Joe Weinstein at BEA

PS: remove your line with the getResultSet() call. It doesn't do
anything and you're ignoring the return (if any).
Peter L Skoglund - 09 Mar 2005 21:33 GMT
Strange, because when setting a limit to the sql statement to 100, it works
fine. Without the limitation I get "Exception in thread "main"
java.lang.OutOfMemoryError: Java heap space", and setting -Xmx to allocate
256M doesn't help (even tried 400M)

I'm using 'mysql-connector-java-3.1.7'

/Peter

> Hi. All DBMSes offer APIs to get data from the DBMS. What
> DBMS and driver are you using? You shouldn't be hitting any
[quoted text clipped - 4 lines]
> PS: remove your line with the getResultSet() call. It doesn't do
> anything and you're ignoring the return (if any).
joeNOSPAM@BEA.com - 09 Mar 2005 22:49 GMT
what limit is this you're setting?
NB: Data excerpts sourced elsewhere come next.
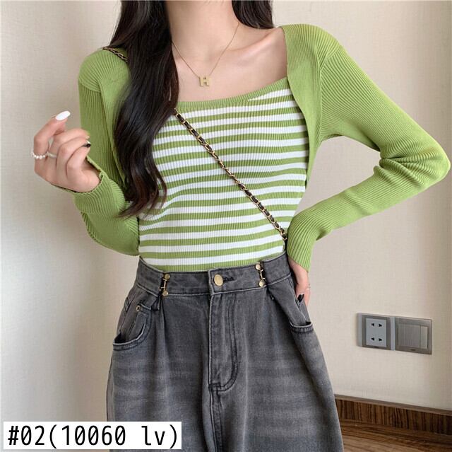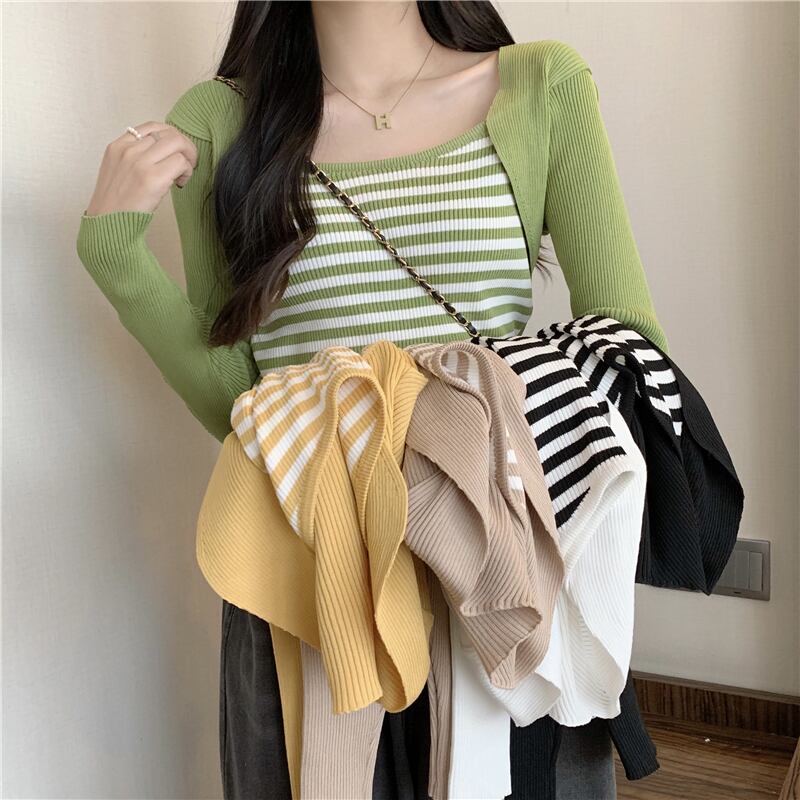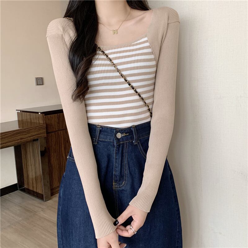 春スリムニットセーター女性プルオーバー長袖ストライプスプライスセーター Tシャツジャンパークロップトップス服 ロング スプリング 春物 Aim88766643425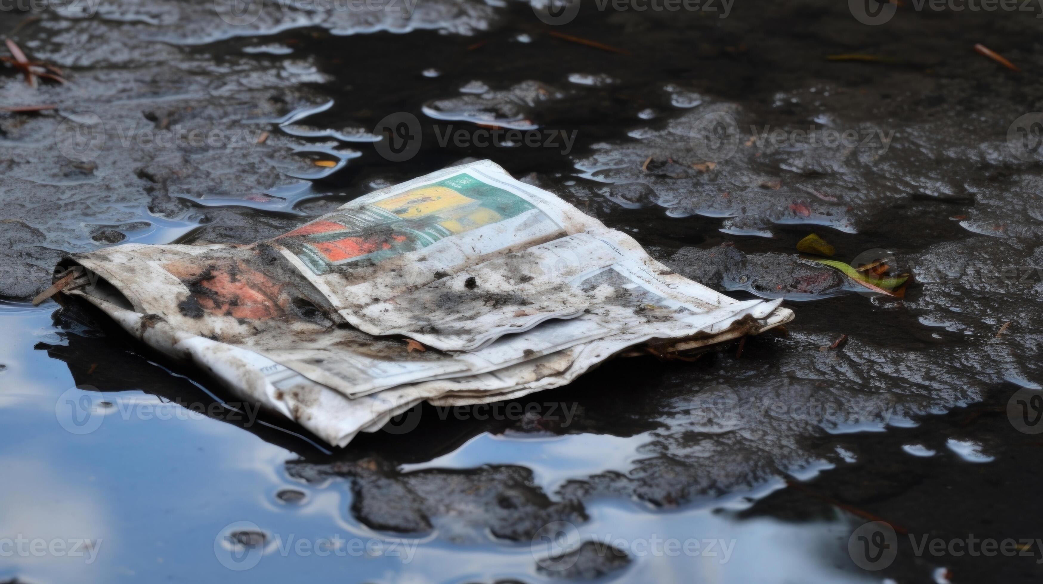 A sad sight of a once vibrant newspaper now left to soak in a puddle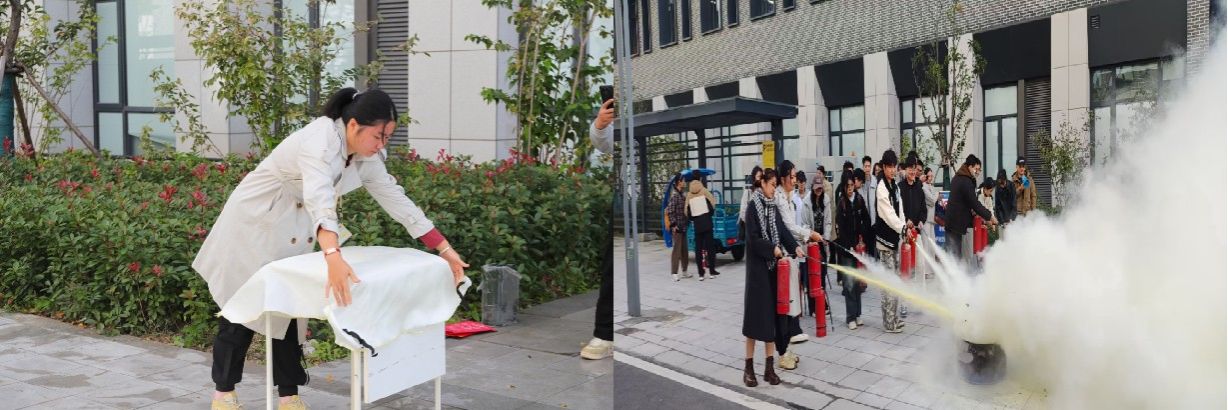 最后,全体参训师生来到21栋实验楼北门,进行灭火器实操培训。在现场指导员的专业讲解和示范下,参训师生轮流上阵,亲身体验如何使用干粉灭火器扑灭明火。通过“真枪实弹”的演练,参训师生熟练掌握了灭火器的操作要领,实现了从“理论知识”到“实战技能”的跨越。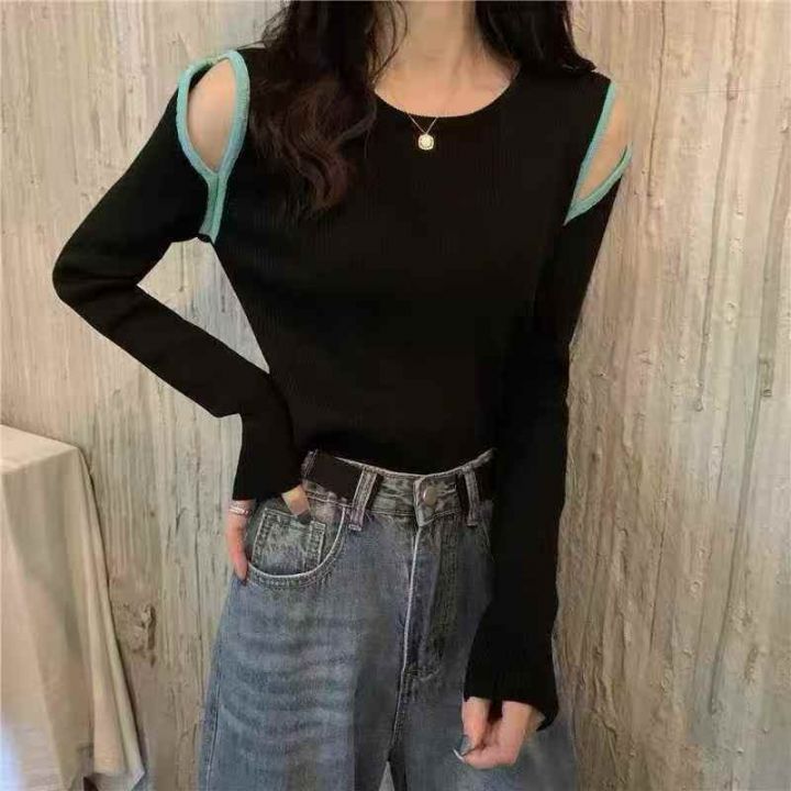 针织撞色镂空修身上衣女秋冬百搭显瘦可外穿内搭毛衣,...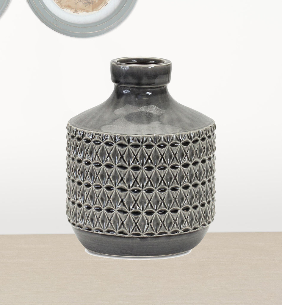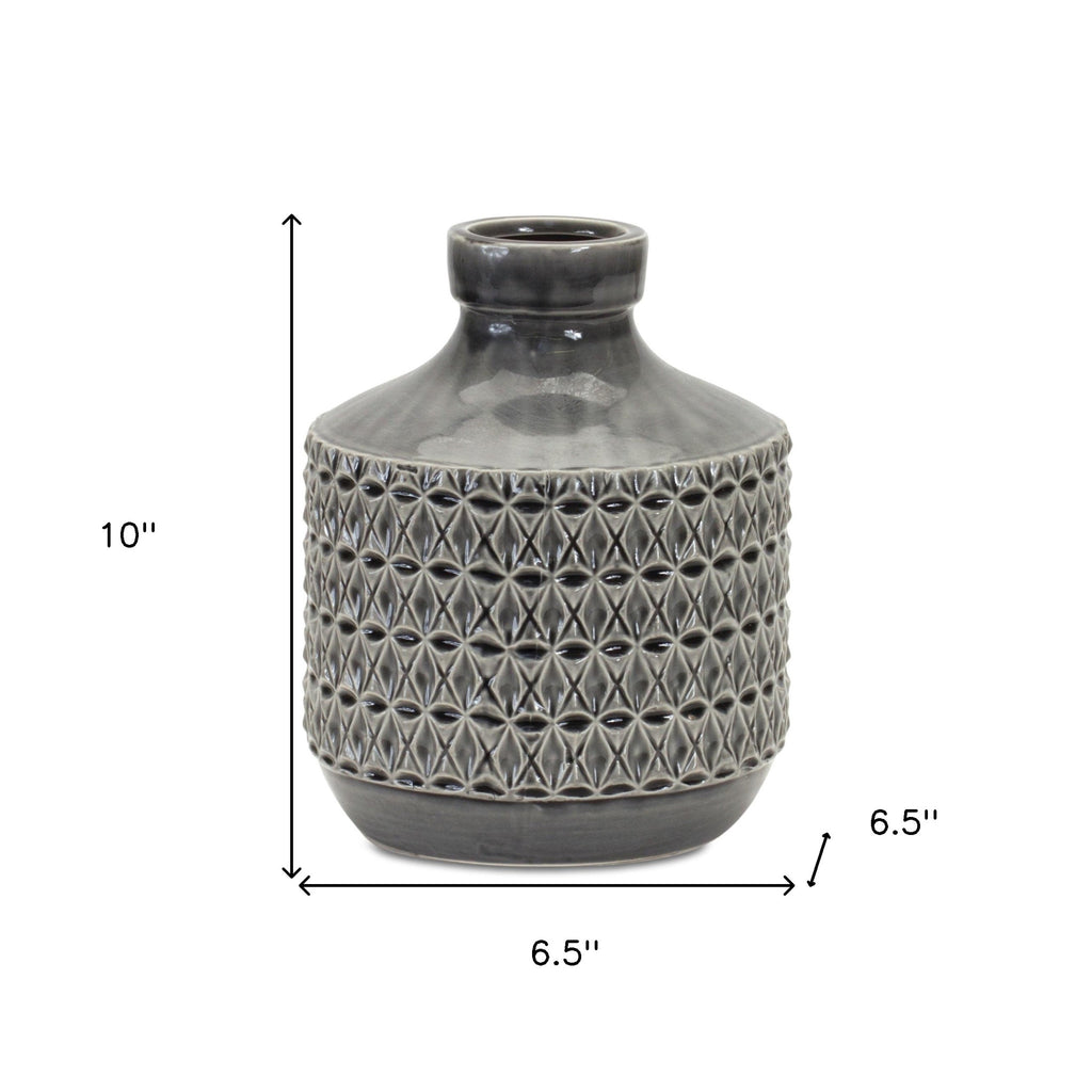 Add a touch of industrial charm to your home decor with this stunning round table vase. Crafted from high-quality terracotta, this vase boasts a sleek black color that adds a stylish finish to any room. With its geometric pattern, this vase is a perfect way to showcase your favorite flowers or can simply be displayed as an eye-catching centerpiece. Standing at 10 inches tall with a width and depth of 6.5 inches, this vase is a versatile piece that can be placed on any table or shelf. Whether you have a modern or traditional style, this industrial-inspired vase is sure to elevate your space with its unique design.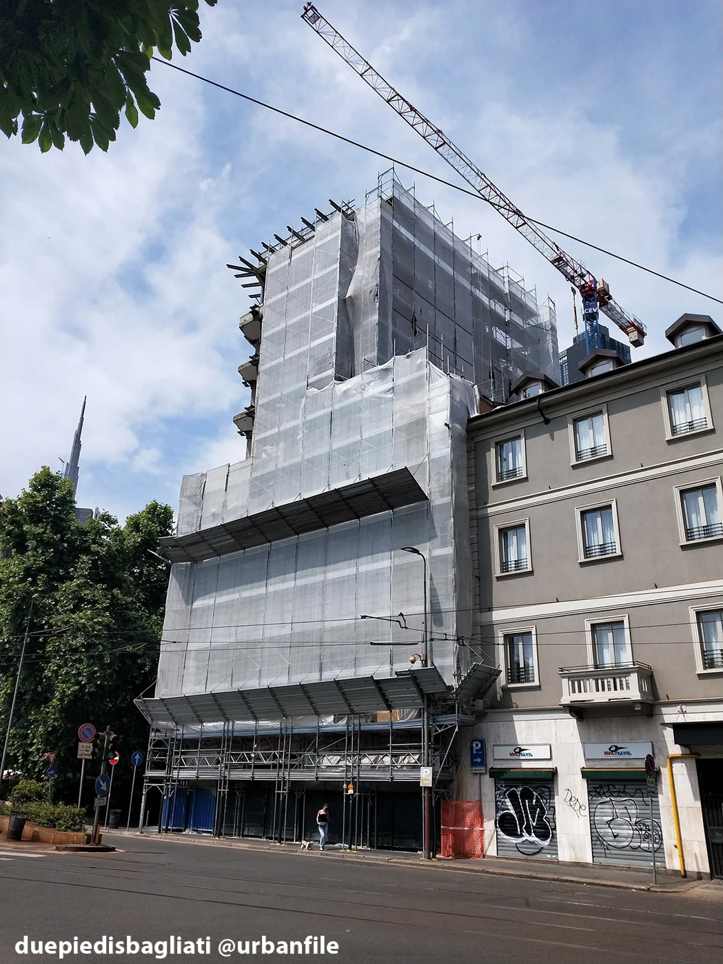 Presto saranno montate le nuove facciate (agganciate) al palazzo in riqualificazione di via Vespucci 2, Piazza Principessa Clotilde e via Marco Polo a Porta Nuova. Su via Marco Polo è stato aggiunto un piano, come si vede dalle foto a seguire.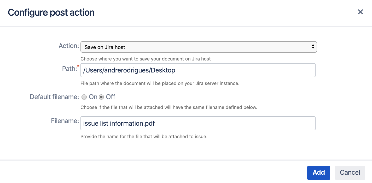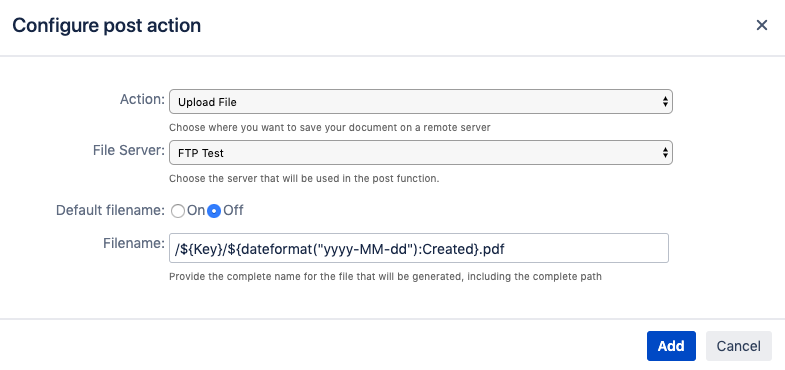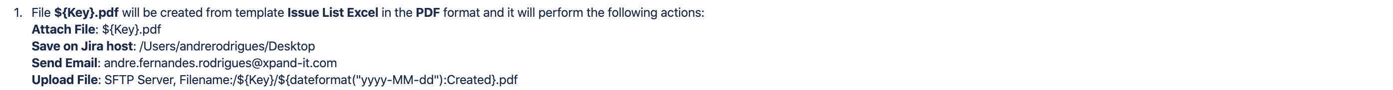 The Xporter Post Function allows you to generate a document during transitions in JIRA Workflows and to define which actions you want to perform.

SetFetchSize() or setMaxRows()?
Joe
Peter L Skoglund - 10 Mar 2005 07:43 GMT
I'm just set the select statement to return first 100 rows by doing:
resultset = statement.executeQuery("select * from mytable limit 100");
/Peter

> what limit is this you're setting? SetFetchSize() or setMaxRows()?
> Joe
Silvio Bierman - 10 Mar 2005 01:52 GMT
Hello Peter,

I think you are in trouble because of the way MySQL handles resultsets.
Where most DBMSs use a streaming-like mechanism when returning (possibly
large) resultsets delivering the first rows fast without completely
evaluating the query until more rows are fetched MySQL seems to do a
complete resultset evaluation before returning the first row. Also, the
driver on the client side seems to have to collect the whole resultset
before delivering rows to the application code. Don't ask me why...

I have had these problems with MySQL also. Running on SQLServer, Oracle or
SapDB (now MaxDB) never resulted in any problems using exactly the same
application code (and database content).

Regards,

Silvio Bierman
Daniel Dittmar - 10 Mar 2005 09:29 GMT
> I think you are in trouble because of the way MySQL handles resultsets.
> Where most DBMSs use a streaming-like mechanism when returning (possibly
[quoted text clipped - 3 lines]
> driver on the client side seems to have to collect the whole resultset
> before delivering rows to the application code. Don't ask me why...

I think MySQL allowed/allows only one open cursor at a time. Reading all
the data into memory was probably the easiest way to simulate multiple
open cursors in the driver.

Daniel
Lee Fesperman - 10 Mar 2005 19:34 GMT
> > I think you are in trouble because of the way MySQL handles resultsets.
> > Where most DBMSs use a streaming-like mechanism when returning (possibly
[quoted text clipped - 7 lines]
> the data into memory was probably the easiest way to simulate multiple
> open cursors in the driver.

The MySQL protocol only allows this, but their current JDBC driver provides several
workarounds. Check the connection properties for com.mysql.jdbc.JdbcDriver.

Signature

Lee Fesperman, FFE Software, Inc. (http://www.firstsql.com)
==============================================================
* The Ultimate DBMS is here!
* FirstSQL/J Object/Relational DBMS  (http://www.firstsql.com)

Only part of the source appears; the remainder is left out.